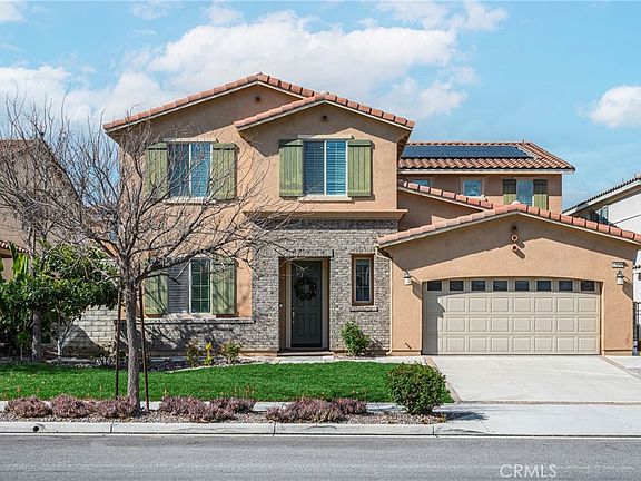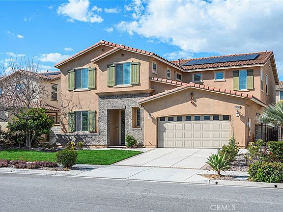 Beautiful Eastvale home with 6 bedrooms, 4 bathrooms, (2 bedrooms and 2 bathrooms downstairs),plus a den (could be home office or the 7th bedroom), a sunroom (195 Sf, not included in the total living area), 2 car attached garage. Great curb appeal, open living room with fireplace, remodeled kitchen with new quartz counter tops, large center island, resurfaced cabinets, stainless steel appliances, including GE built-in refrigerator, double ovens, kitchen hood and dishwasher. Formal dining room with custom chandelier. The enclosed sunroom with fireplace. Downstairs guest suite with separate entrance, equipped with kitchen, laundry machine, ideal for in-laws or tenant. Downstairs has another bedroom and bathroom. Upstairs has a loft, could be another entertainment area. Large primary bedroom with walk-in closet, primary bathroom with dual sinks, soak bath tub and separate shower. Other features include, custom two-tone paint, wood shutters , custom chandeliers, ceiling fans, recessed lighting, solar panels installed(under lease). Large back yard with planters and fruit trees. Great location, close to Eleanor Roosevelt High, parks, and shopping centers. Very safe neighborhood, has 24-hour security patrol.
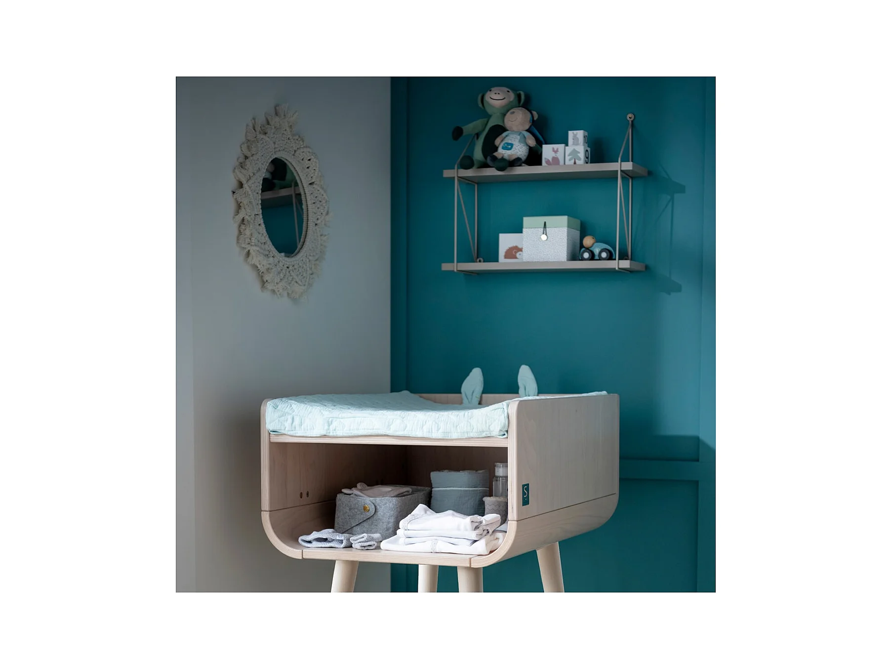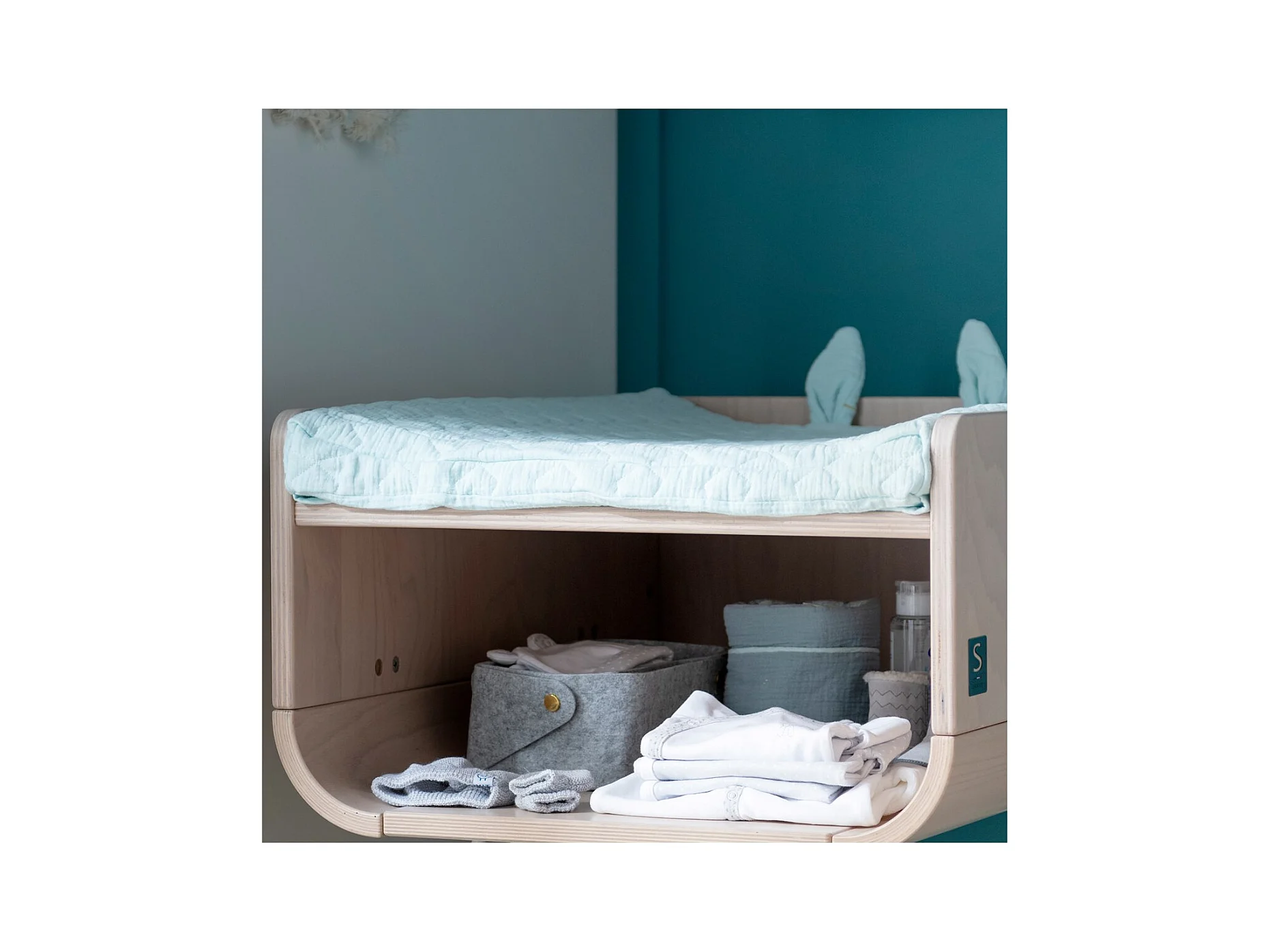 Table à langer pieds bois 95x60x78cm en bois beige BAMBIN - Sauthon Original
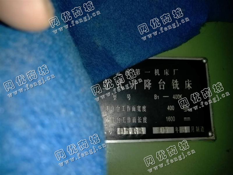 出售1台二手2005年北京一机B1-400K立式升降台铣床,8成新,售价6.3万/台,使用过程中无改装,无大修,存放于山东烟台仓库中,在位停用,欢迎现场验货,可试机,有意电联!
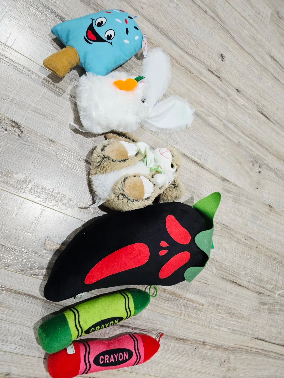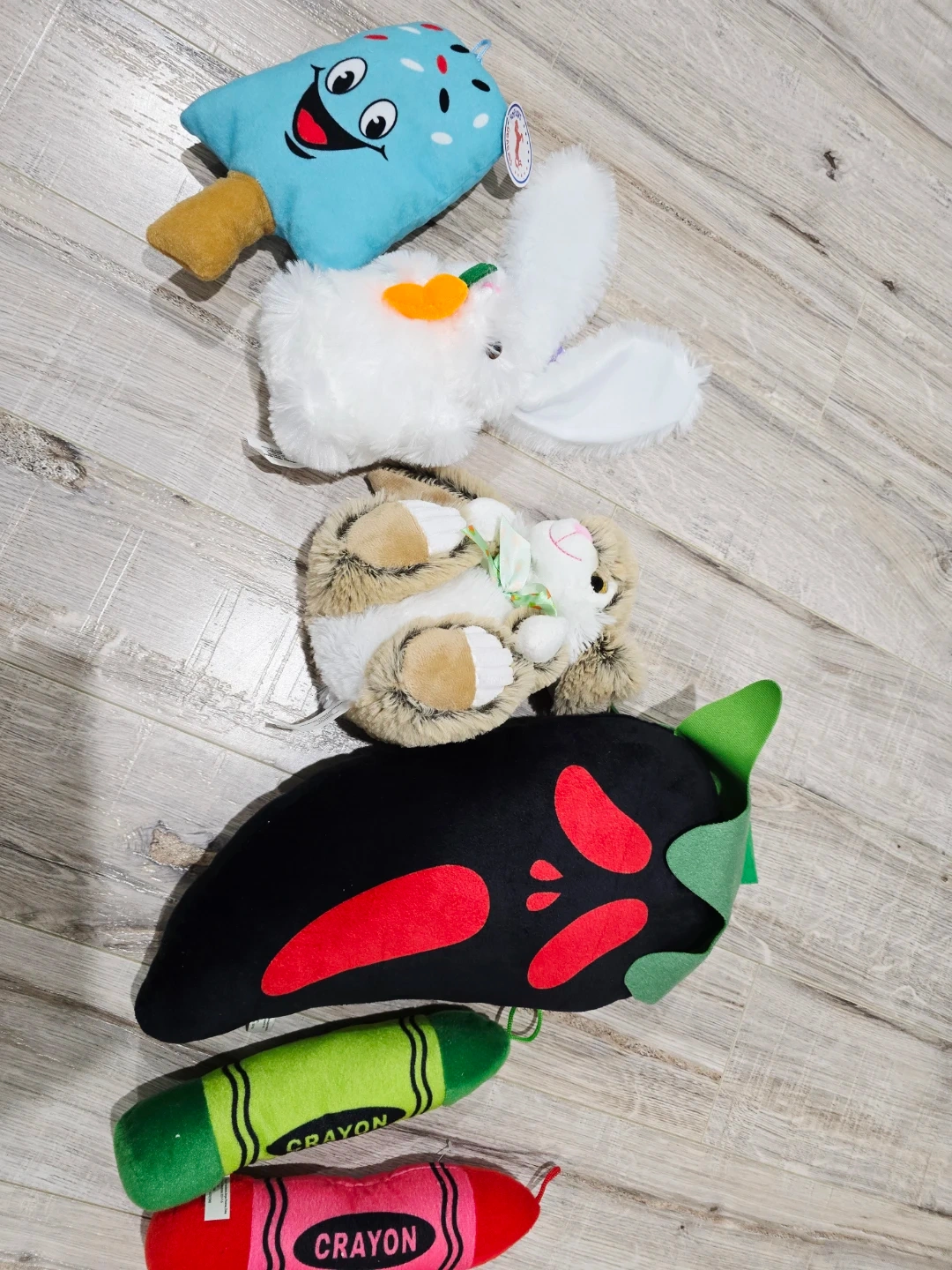 This lot includes a variety of plush toys. There's a blue ice cream pop, a white bunny with a carrot, a brown and white bunny, a black chili pepper, and two crayon toys.
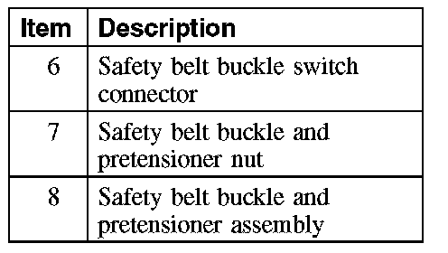 SAFETY BELT SYSTEM - EXPLODED VIEW, FRONTFront Safety Belt - With Seat Integrated Restraints (SIR) (Part 1):
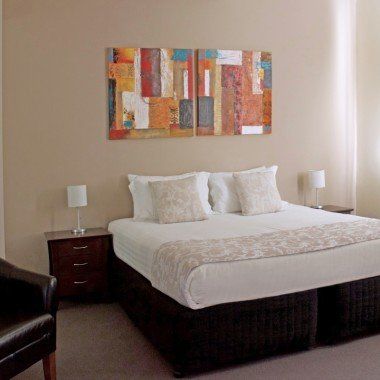 All Balcony On Sixth Lodge suites include: reverse-cycle air conditioning, ceiling fans, bedside tables with lamps, access to a large balcony overlooking the Murraylands.
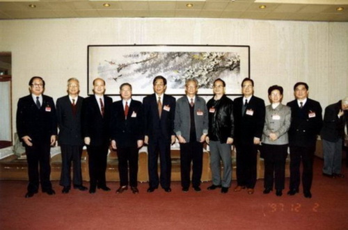 民进第十届中央委员会领导集体合影,左四为梅向明。
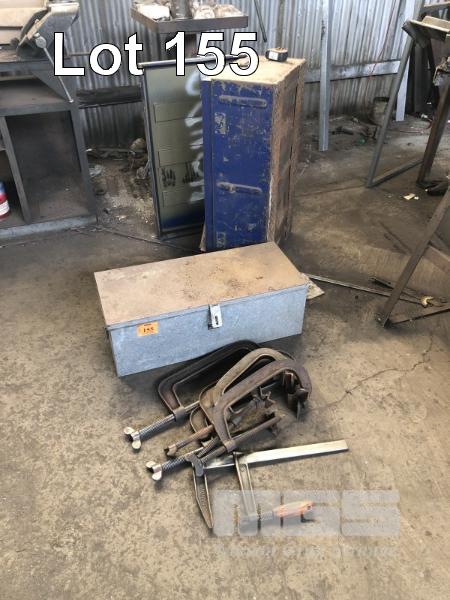 2 x TOOL BOX, 5 x LARGE G-CLAMPS, UP TO 12" & 1 x LARGE F-CLAMP, 15"
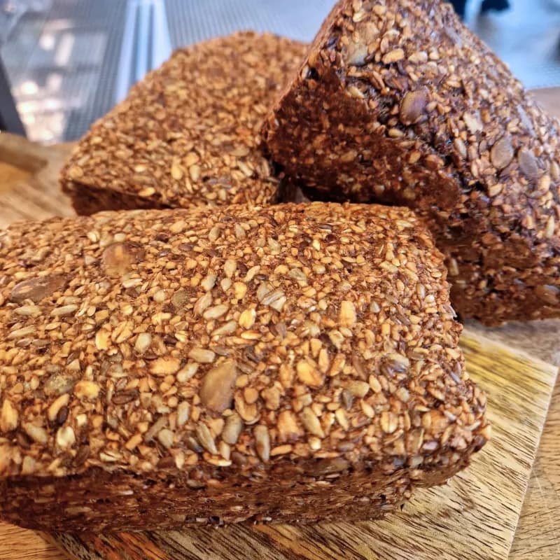 Pełnowartościowy chleb wypiekany wyłącznie z całych ziaren, bez dodatku mąki. Zwart y, sycący i intensywnie ziarnisty w smaku, przygotowany z naturalnych składników, bez sztucznych dodatków, polepszaczy i konserwantów. To doskonały wybór dla osób ceniących prosty skład, wysoką wartość odżywczą i naturalne pieczywo.
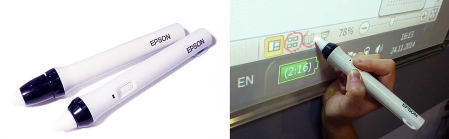 Как нетрудно догадаться, функция мыши позволяет использовать практически любое программное обеспечение, не отходя от экрана. Особенно – в сочетании с экранной клавиатурой. Однако с выходом новейших интерактивных проекторов Epson EB-595Wi и Epson EB-1430Wi появилась возможность взаимодействовать с изображениями пальцами! А если быть точным – проектор в состоянии отследить одновременно 2 маркера и до 6 пальцев рук!
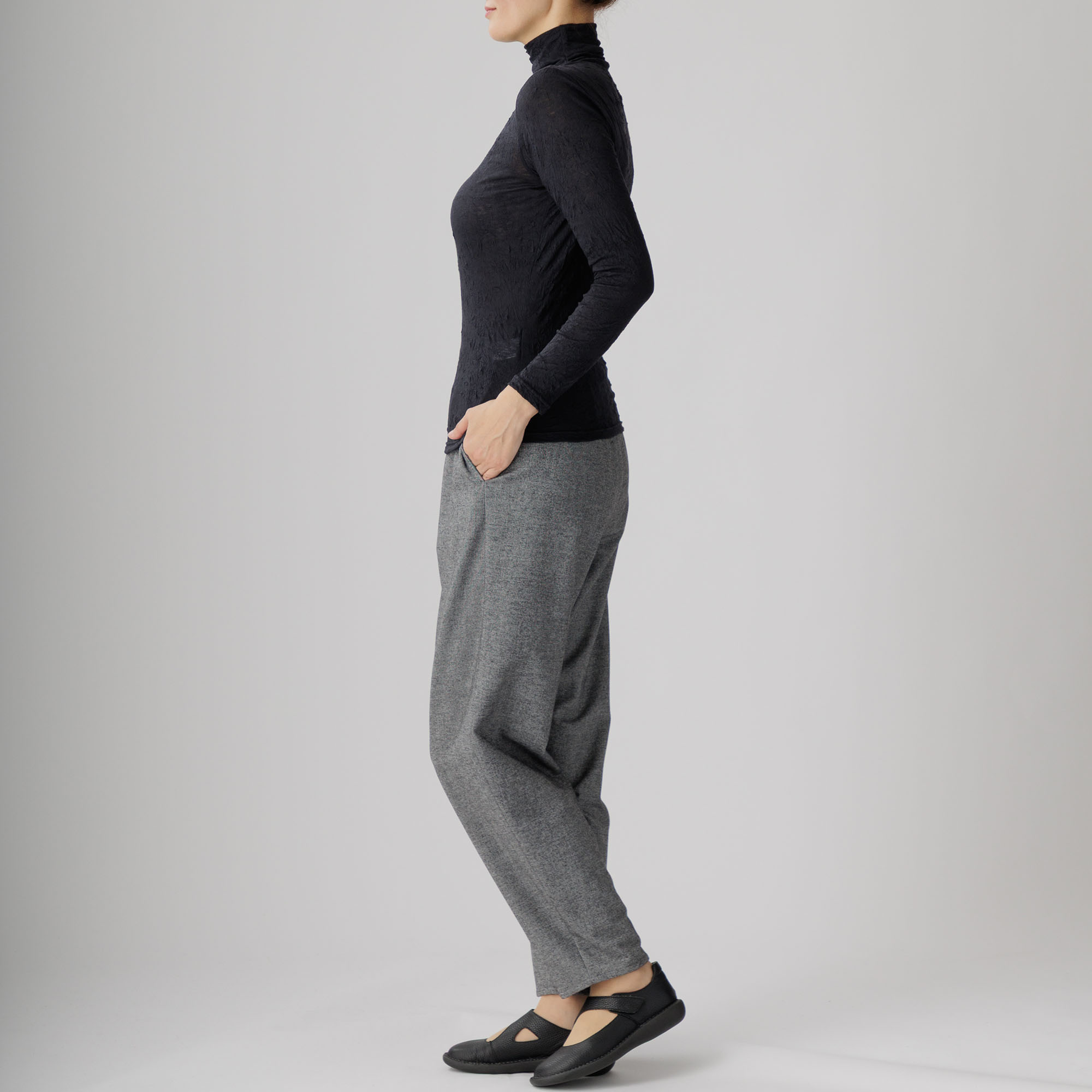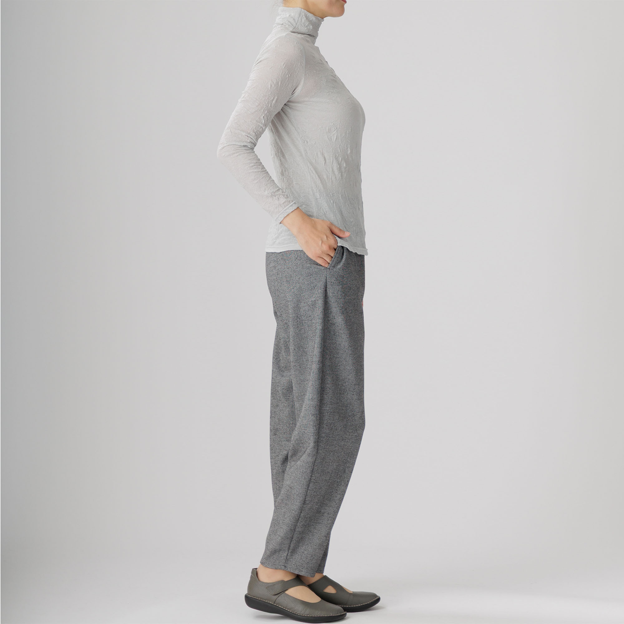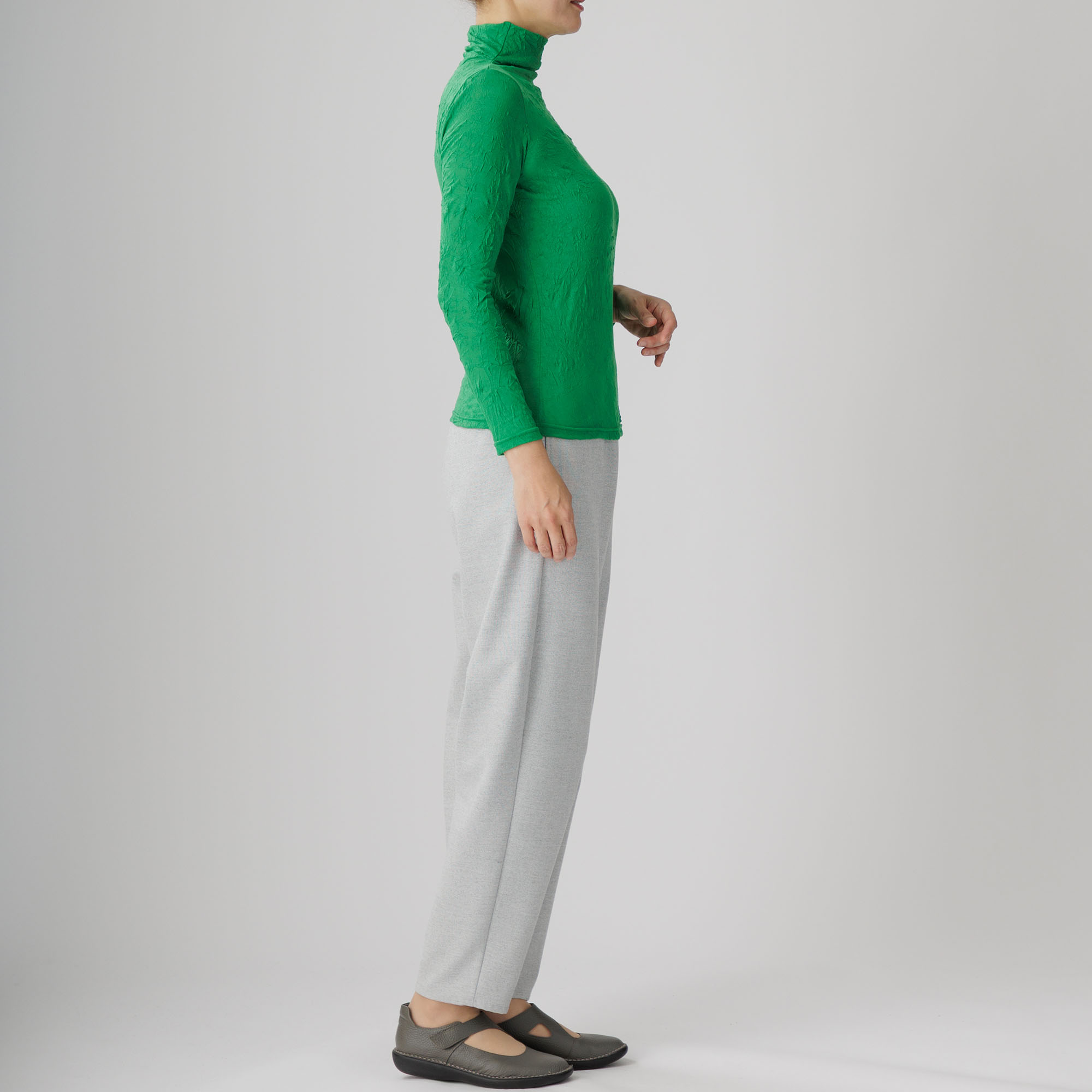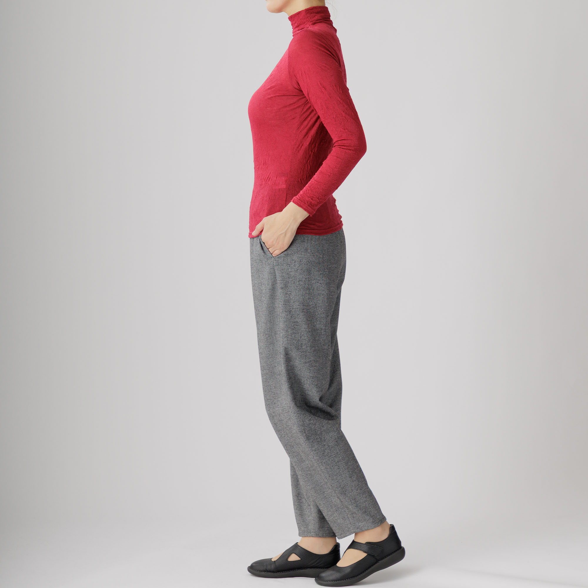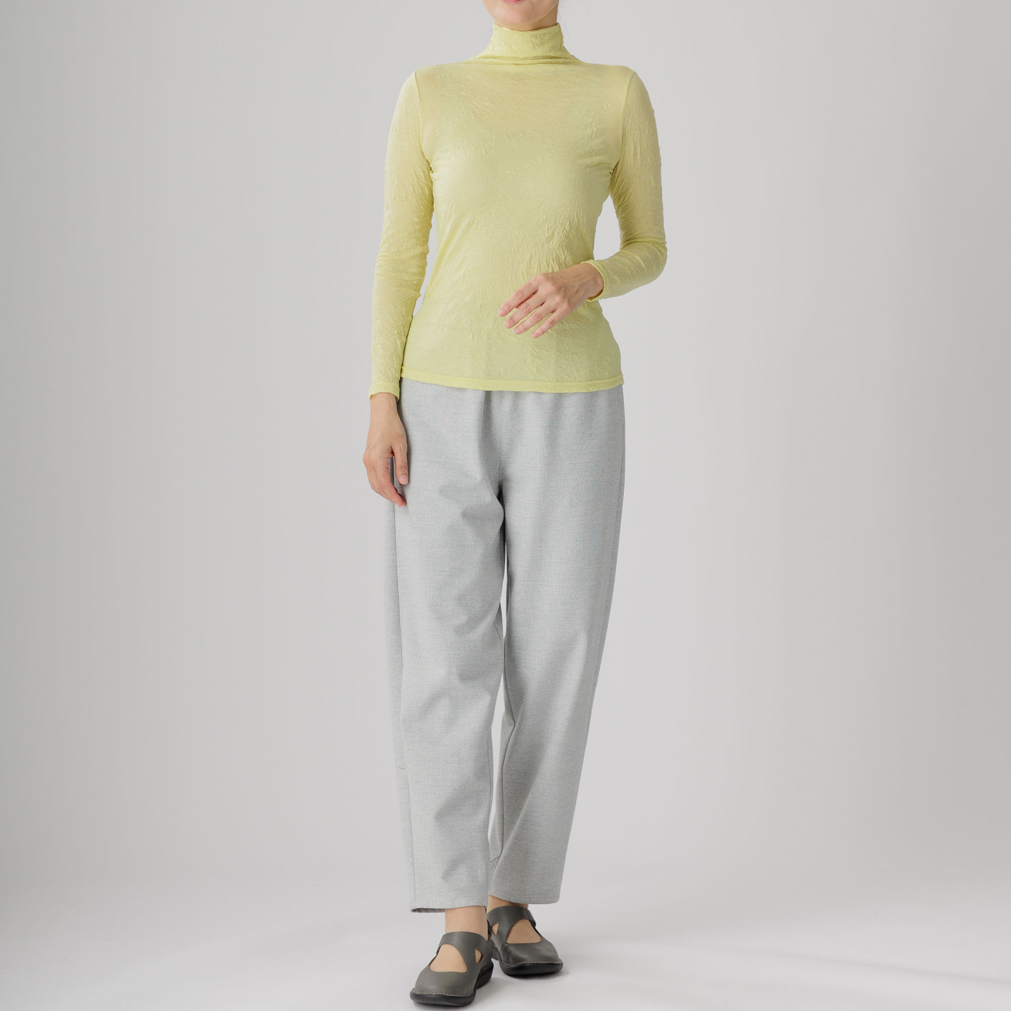 ワッシャー加工による味わい深いシワ感がセンスを放つ新作ハイネックインナーはいかがですか。

### TASK OBJECTIVE
Print, word for word, the lines above that run from the line containing "民进第十届中央委员会领导集体合影,左四为梅向明。" to the line containing "Pełnowartościowy chleb wypiekany", both included. Keep the pictures out.

### RESULT FOR THIS TASK
 民进第十届中央委员会领导集体合影,左四为梅向明。
 2 x TOOL BOX, 5 x LARGE G-CLAMPS, UP TO 12" & 1 x LARGE F-CLAMP, 15"
 Pełnowartościowy chleb wypiekany wyłącznie z całych ziaren, bez dodatku mąki. Zwart y, sycący i intensywnie ziarnisty w smaku, przygotowany z naturalnych składników, bez sztucznych dodatków, polepszaczy i konserwantów. To doskonały wybór dla osób ceniących prosty skład, wysoką wartość odżywczą i naturalne pieczywo.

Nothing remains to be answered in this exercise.